Construction Industry Having to Dig Deep Post Brexit Vote

Posted by Martin Heaton on 31 July 2016 | 0 Comments

Recent figures in the construction industry are painting a difficult picture for UK industry post-Brexit.  

 

 

 

 

 

 

 

 

 

According to the ONS, the construction industry was in recession even before the Brexit vote, after a second successive quarterly decline of 0.4% in 2016. This is despite a reported 0.6% expansion in the UK economy overall in the months leading up to the June 23rd vote.

The ‘no’ vote, as we all know, had a profound effect on the UK economy, wiping millions of pounds off the value of many UK businesses. British property developers and builders went through a particularly bad time, with the largest firms seeing the value of their shares drop dramatically immediately following the result.  The biggest loser, British Land, saw share prices fall from 762.5p to 613.5p on the 23rd June.

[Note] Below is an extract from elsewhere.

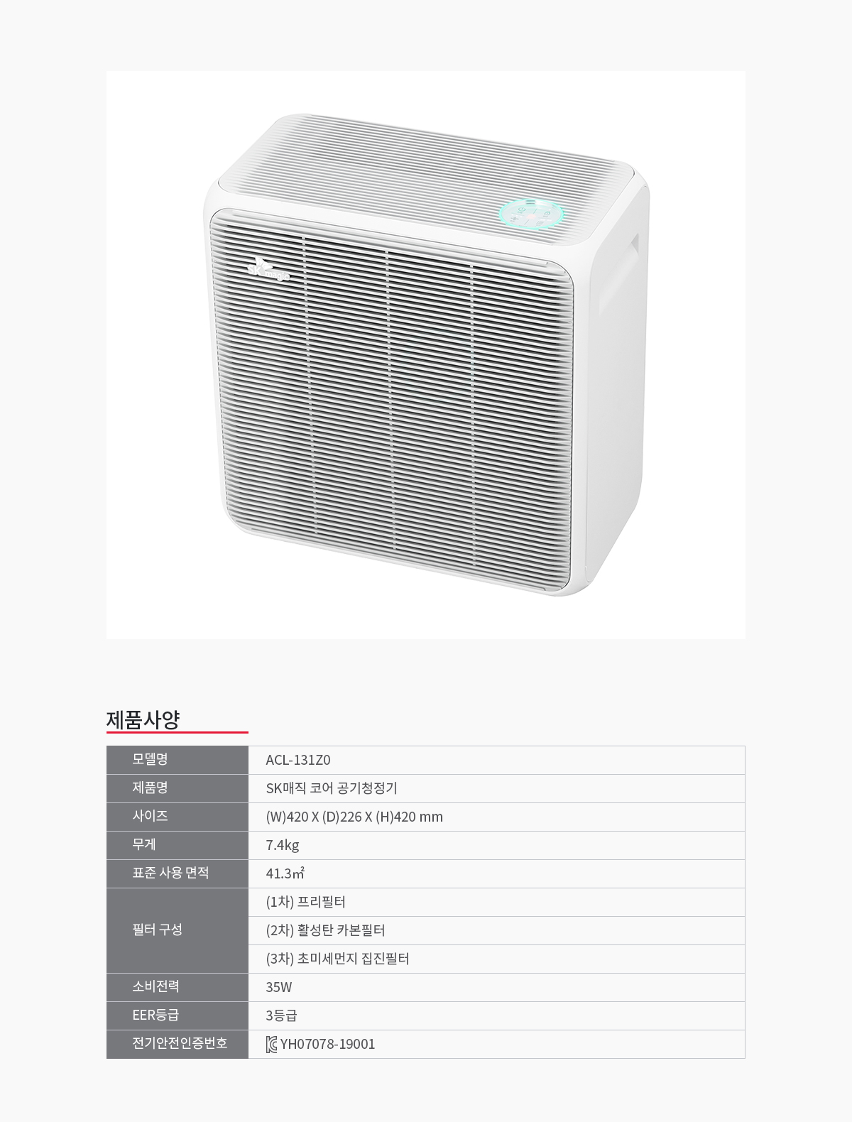 [SK매직] 코어 공기청정기 13평형 ACL-131Z0 렌탈 / 자가관리 / 의무사용60개월 / 등록설치비면제

However, history tells us that the construction industry will always over-react to negative sentiment, and as such will be in particular difficulty over the coming months, while things settle down.

And they will settle down.

Despite what happened on the 23rd June, Britain has not left the EU, and will not leave until all negotiations post the activation of article 50 have been finalized. The UK may not ever leave the EU if the government is able to negotiate an alternative deal with the European parliament. The huge market crash that was experienced after the vote was based on the financial markets, which reacted negatively out of surprise at the result. The uncertainty over the future of British trade was relatively short-lived, and markets bounced back, at least in part, during the last week of June and the beginning of July.

Despite the early drop, British Land have actually claimed a “robust” start to the year, with the CEO Chris Grigg stating “British Land has entered this period of post-referendum uncertainty in a robust position. We have a strong, resilient business with a clear strategy.” And with a currently very strong portfolio, and share dividends for Q1 confirmed at 3% higher than previous year, things aren’t looking so bad for the British firm.

Other property developers and builders saw similar drops, but have continued to recover slowly since the vote, even amid speculations that house prices will likely fall during the last half of the year. Barratt Developments, which also saw a 6% drop on the 23rd June, was initially recovering well since the vote. Though after recent comments made by the CEO David Thomas, the share price wobbled: “Following the EU referendum, we are mindful of the greater uncertainty now facing the UK economy. Consequently, the immediate outlook for our industry is less clear and it is too early to draw any conclusions regarding market conditions from the short trading period since the referendum.” Mr Thomas then went on to suggest that they would possibly ‘slow down build programmes’ to counteract this insecurity.

Essentially, we are hearing the same from all corners of the market; while there is uncertainty, especially regarding house prices in the coming months, we should remain calm and use the time to continuously assess the market and be prepared for future events.

With Brexit negotiations expected to take a minimum of 2 years, and could even run until well into 2020, according to the foreign secretary, we need to turn this into an opportunity for our industry, and use it as a time to strengthen partnerships, increase diversity in a shrinking market, and encourage resilience.

The construction industry wasn’t in great shape pre-Brexit, it’s not in particularly good shape now; it’s clear that changes need to be made, and now is the time to make them.